#### [MATERIAL FOR THIS TASK]
#####
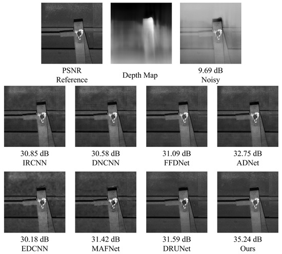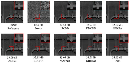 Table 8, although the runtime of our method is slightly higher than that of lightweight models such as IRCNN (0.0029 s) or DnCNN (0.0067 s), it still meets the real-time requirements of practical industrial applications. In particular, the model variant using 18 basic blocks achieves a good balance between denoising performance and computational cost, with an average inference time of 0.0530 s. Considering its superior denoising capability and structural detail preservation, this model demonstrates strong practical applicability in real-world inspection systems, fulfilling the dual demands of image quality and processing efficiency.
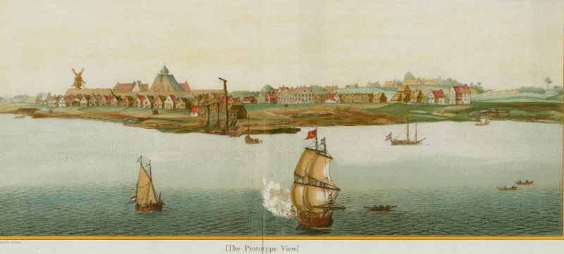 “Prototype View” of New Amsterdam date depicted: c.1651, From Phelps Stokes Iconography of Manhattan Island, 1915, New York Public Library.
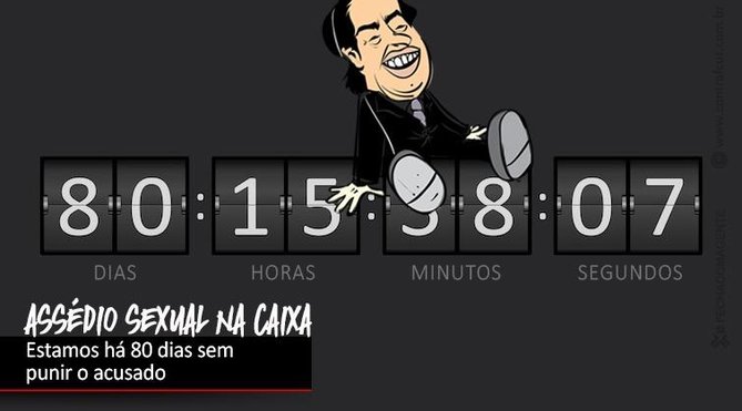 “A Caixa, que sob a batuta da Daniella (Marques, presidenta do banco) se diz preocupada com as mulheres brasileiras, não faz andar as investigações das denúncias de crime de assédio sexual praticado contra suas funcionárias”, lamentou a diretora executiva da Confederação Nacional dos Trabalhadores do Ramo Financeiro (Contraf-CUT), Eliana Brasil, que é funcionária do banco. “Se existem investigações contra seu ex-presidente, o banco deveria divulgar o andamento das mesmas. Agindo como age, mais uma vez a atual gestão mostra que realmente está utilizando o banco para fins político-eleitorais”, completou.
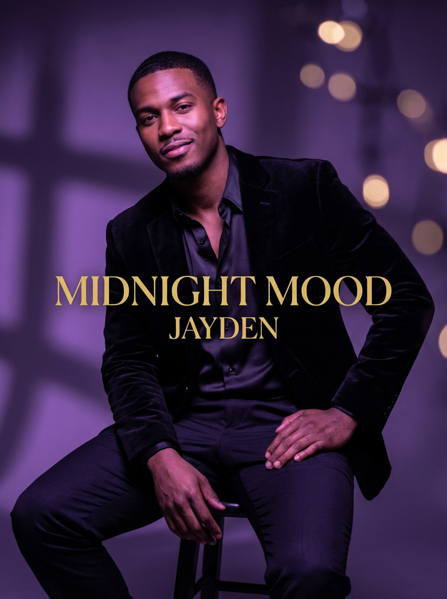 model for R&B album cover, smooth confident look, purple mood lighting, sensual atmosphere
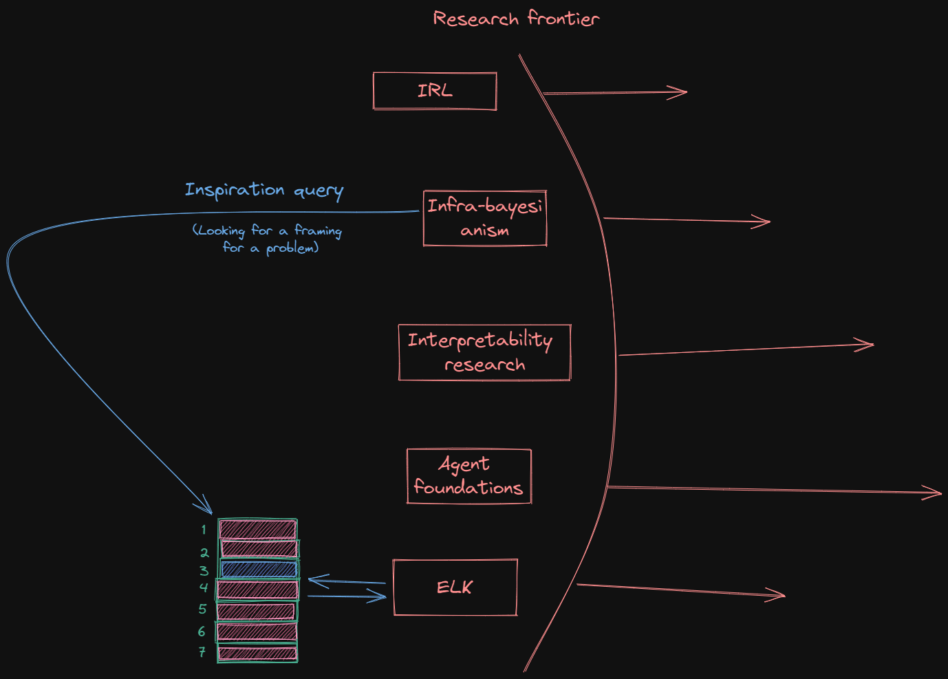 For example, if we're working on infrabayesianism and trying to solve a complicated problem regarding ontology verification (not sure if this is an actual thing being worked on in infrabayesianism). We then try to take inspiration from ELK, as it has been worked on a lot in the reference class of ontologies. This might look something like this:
#####
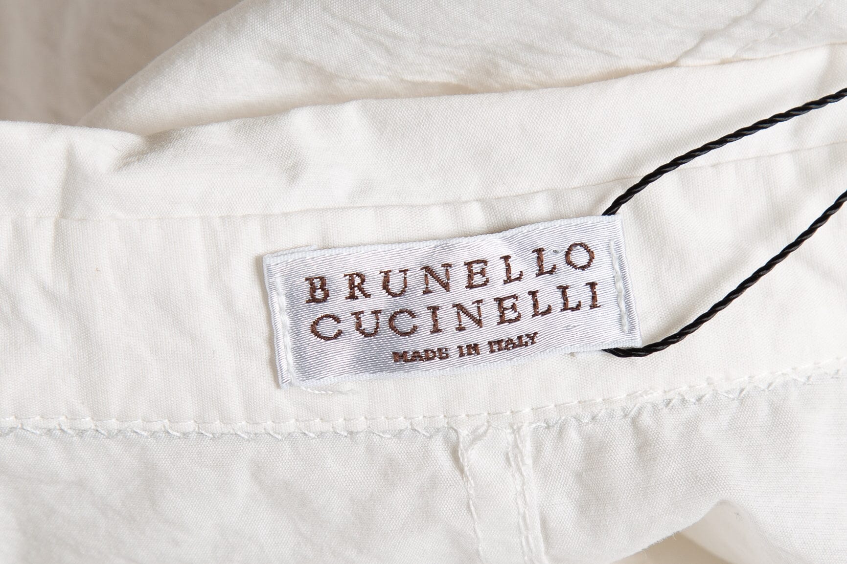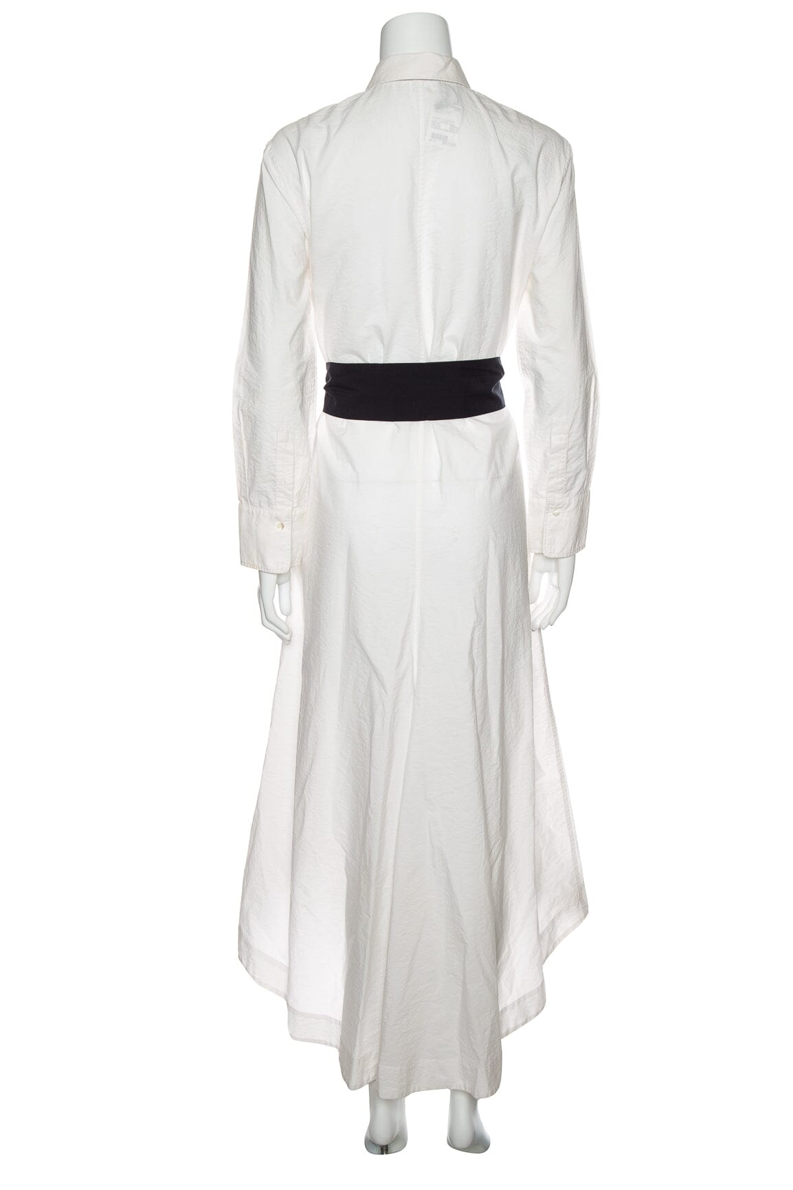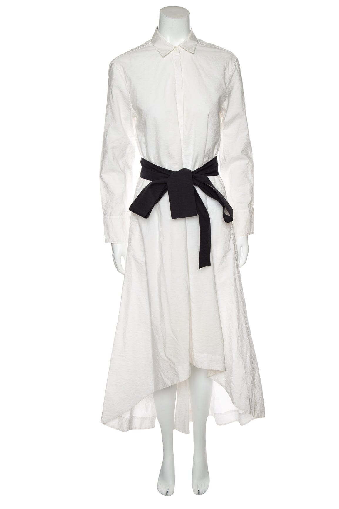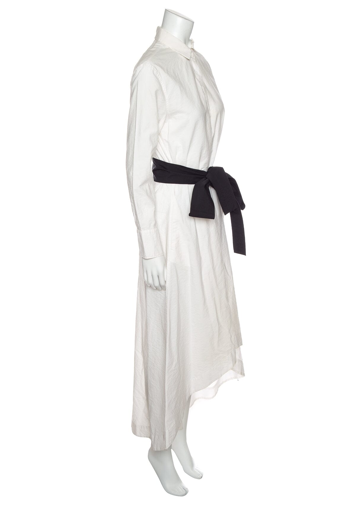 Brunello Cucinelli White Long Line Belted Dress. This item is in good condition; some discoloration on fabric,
#####
Using the records above, repeat exactly the run of lines that starts with the line with "Caixa, que sob" and goes on through the line with "For example, if"; omit each picture.

 “A Caixa, que sob a batuta da Daniella (Marques, presidenta do banco) se diz preocupada com as mulheres brasileiras, não faz andar as investigações das denúncias de crime de assédio sexual praticado contra suas funcionárias”, lamentou a diretora executiva da Confederação Nacional dos Trabalhadores do Ramo Financeiro (Contraf-CUT), Eliana Brasil, que é funcionária do banco. “Se existem investigações contra seu ex-presidente, o banco deveria divulgar o andamento das mesmas. Agindo como age, mais uma vez a atual gestão mostra que realmente está utilizando o banco para fins político-eleitorais”, completou.
 model for R&B album cover, smooth confident look, purple mood lighting, sensual atmosphere
 For example, if we're working on infrabayesianism and trying to solve a complicated problem regarding ontology verification (not sure if this is an actual thing being worked on in infrabayesianism). We then try to take inspiration from ELK, as it has been worked on a lot in the reference class of ontologies. This might look something like this:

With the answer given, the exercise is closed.